* Assignment:
Set out exactly, line by line, the stretch of data below that begins at the line containing "This CHANEL wallet" and ends at the line containing "Am Strand ist", with both ends kept.
Records for processing: Begin
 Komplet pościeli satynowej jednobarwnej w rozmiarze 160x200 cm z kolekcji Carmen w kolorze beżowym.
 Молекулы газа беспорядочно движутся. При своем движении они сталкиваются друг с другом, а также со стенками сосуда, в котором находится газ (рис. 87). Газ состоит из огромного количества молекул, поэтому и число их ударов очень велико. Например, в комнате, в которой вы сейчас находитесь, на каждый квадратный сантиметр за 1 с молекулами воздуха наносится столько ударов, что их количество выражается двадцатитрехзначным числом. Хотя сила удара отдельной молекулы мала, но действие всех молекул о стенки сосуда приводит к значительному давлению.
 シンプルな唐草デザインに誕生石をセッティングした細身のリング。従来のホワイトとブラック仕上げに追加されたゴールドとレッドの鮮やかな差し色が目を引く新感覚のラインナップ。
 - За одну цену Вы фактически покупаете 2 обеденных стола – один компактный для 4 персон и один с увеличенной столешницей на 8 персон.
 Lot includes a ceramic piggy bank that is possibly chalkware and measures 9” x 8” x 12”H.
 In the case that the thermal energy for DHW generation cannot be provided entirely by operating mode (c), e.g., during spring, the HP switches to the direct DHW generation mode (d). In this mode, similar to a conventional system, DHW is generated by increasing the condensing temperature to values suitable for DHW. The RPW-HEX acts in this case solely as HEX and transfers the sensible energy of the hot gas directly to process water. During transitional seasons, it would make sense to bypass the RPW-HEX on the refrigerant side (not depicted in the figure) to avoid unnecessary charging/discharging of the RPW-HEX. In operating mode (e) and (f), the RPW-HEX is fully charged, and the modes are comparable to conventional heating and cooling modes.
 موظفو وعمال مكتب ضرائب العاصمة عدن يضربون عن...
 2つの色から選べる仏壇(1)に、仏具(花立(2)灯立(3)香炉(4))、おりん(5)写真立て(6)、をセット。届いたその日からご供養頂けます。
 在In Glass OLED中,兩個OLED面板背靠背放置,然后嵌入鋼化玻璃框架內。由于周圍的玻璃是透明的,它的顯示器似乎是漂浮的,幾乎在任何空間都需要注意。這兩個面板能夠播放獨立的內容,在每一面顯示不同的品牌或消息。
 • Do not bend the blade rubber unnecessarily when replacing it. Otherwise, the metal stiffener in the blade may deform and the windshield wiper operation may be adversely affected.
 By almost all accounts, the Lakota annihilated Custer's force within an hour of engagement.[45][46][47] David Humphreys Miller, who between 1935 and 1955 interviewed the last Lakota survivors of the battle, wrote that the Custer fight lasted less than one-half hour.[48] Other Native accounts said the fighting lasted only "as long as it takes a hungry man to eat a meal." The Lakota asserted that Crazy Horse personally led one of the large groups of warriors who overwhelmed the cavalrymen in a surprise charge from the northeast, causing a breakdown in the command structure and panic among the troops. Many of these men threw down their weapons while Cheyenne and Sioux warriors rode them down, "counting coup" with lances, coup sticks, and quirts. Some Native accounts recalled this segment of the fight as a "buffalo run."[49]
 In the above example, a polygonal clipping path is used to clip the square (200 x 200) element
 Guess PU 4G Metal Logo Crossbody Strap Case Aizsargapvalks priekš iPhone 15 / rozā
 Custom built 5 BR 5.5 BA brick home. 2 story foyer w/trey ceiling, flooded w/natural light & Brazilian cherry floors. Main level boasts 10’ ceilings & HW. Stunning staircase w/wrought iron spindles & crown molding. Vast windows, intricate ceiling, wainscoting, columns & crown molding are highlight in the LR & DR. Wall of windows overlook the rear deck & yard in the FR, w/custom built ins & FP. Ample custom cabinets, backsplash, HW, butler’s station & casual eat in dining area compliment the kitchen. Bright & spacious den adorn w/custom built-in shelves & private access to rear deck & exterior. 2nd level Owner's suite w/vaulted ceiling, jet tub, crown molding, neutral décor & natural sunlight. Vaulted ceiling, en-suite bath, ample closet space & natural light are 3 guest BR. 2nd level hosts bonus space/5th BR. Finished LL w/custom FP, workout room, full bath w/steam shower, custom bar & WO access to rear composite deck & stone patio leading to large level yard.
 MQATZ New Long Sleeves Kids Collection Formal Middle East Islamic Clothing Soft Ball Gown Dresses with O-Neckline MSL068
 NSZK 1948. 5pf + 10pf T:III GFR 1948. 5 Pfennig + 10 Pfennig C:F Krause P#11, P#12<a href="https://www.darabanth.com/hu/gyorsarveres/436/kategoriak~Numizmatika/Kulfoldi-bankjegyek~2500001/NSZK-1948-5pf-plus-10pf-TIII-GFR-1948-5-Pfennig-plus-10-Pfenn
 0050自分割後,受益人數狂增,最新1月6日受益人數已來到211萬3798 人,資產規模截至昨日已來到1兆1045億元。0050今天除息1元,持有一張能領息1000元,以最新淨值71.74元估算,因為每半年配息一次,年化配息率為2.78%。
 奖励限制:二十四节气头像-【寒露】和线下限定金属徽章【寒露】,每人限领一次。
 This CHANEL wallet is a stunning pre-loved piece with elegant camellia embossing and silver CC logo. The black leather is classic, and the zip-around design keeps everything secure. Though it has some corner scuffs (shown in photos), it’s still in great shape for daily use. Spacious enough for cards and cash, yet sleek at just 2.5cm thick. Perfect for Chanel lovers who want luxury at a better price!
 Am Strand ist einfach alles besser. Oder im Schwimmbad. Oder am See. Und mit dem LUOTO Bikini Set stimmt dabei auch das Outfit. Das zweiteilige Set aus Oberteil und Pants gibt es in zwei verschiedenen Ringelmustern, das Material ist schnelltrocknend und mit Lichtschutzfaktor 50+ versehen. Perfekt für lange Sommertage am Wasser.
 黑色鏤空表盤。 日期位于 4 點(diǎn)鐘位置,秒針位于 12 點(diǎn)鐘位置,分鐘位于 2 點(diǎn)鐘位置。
Records for processing: End
* Answer:
 This CHANEL wallet is a stunning pre-loved piece with elegant camellia embossing and silver CC logo. The black leather is classic, and the zip-around design keeps everything secure. Though it has some corner scuffs (shown in photos), it’s still in great shape for daily use. Spacious enough for cards and cash, yet sleek at just 2.5cm thick. Perfect for Chanel lovers who want luxury at a better price!
 Am Strand ist einfach alles besser. Oder im Schwimmbad. Oder am See. Und mit dem LUOTO Bikini Set stimmt dabei auch das Outfit. Das zweiteilige Set aus Oberteil und Pants gibt es in zwei verschiedenen Ringelmustern, das Material ist schnelltrocknend und mit Lichtschutzfaktor 50+ versehen. Perfekt für lange Sommertage am Wasser.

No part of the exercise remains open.